Les Henry says soil salinity is a water problem, not a soil problem. 
Find out how to cope with salt on your farm

Large parts of what are now the Canadian Prairies were once the beds of shallow seas. All that salt water gradually evaporated and left huge deposits of salt clays. Consequently, there are places where groundwater can dissolve those old salts and deliver them to the surface, making farming difficult or even impossible.

Farmers who own land prone to salinity have to learn to cope with it.

“The first thing we have to recognize is that soil salinity is not a soil problem,” explains farmer, Grainews columnist and retired University of Saskatchewan professor Les Henry. “It’s a water problem, so we have to focus on water.”

There are two reasons for this. First, groundwater can move from one place to another, gathering dissolved salts as it goes. Second, it’s about the water table — the measured distance from the surface of the ground down to the level where the oozing water saturates the soil. The closer the water table is to the surface, the more serious the potential problem.

Salts in Prairie water

So what are the salts? Henry says, “In Western Canada, the major problem is magnesium sulfate. There are others of various solubilities but most of our trouble is caused by magnesium sulfate.”

In fact it’s the salts in the sulfate family that you usually find in Prairie water. Calcium sulfate (gypsum) and calcium carbonate (lime) are fairly common in Prairie subsoil but they’re relatively insoluble. Since they won’t dissolve easily into the groundwater they tend to stay where they are.

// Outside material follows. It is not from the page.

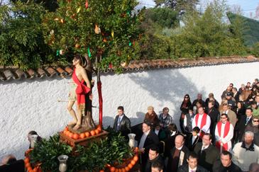 10:30 horas. Procesión con nuestro Santo San Sebastián, por las calles habituales de nuestra localidad, iniciando y terminando el recorrido en la Iglesia de Santiago Apóstol. Al finalizar la PROCESIÓN y en la puerta de la Iglesia tendrá lugar la tradicional y típica SUBASTA DE ANDAS y RIFA DEL RAMO DE LAUREL DEL SANTO entre nuestros Hermanos.

On the other hand, chloride salts of sodium, calcium and magnesium are soluble and love to travel with the groundwater. Fortunately they’re not common so they’re limited to a few small areas. It’s the sulfate salts that dominate the saline portions of the prairies.

So we know it’s in the water and we know it moves. The next question is: how does it get to the surface? Simply put, it’s carried there by the groundwater but not because a flowing spring brought it there. This is where the water table — that critical distance from the water table to the soil surface — becomes important. The closer it is to the surface, the greater the potential problem.

Moving it to the surface

Water is drawn to the surface through a process called capillarity — the same process plants use to move water from the roots to the leaves. Water can move through microscopic pores, some of which are almost small enough that the individual molecules have to line up and move single file. The combination of surface tension (cohesion between water molecules) and adhesive forces between the water and the surrounding pore material actually causes the water to move upward against gravity. The water takes the salt along for the ride, but when they reach the surface, they part company.

The water evaporates into the air and leaves the salt on the ground where it can form a crust. Generally, if the water table is within two meters of the soil surface the capillary action on the water will bring it all the way to the surface.

“So soil salinity is caused by a high water table, near the surface and close enough that suction lift can bring it up to the surface concentrating the salts there.” Henry explained. “You need to have evaporation greater then precipitation so groundwater movement is required to maintain that water table during the dry periods.”

What keeps that capillary action from working is a ready supply of fresh water coming from the other direction, forcing it the other way. Any form of precipitation, either rain or spring snowmelt, helps to maintain a better quality of soil moisture. As fresh water percolates into the soil it forces the more saline groundwater lower in the profile.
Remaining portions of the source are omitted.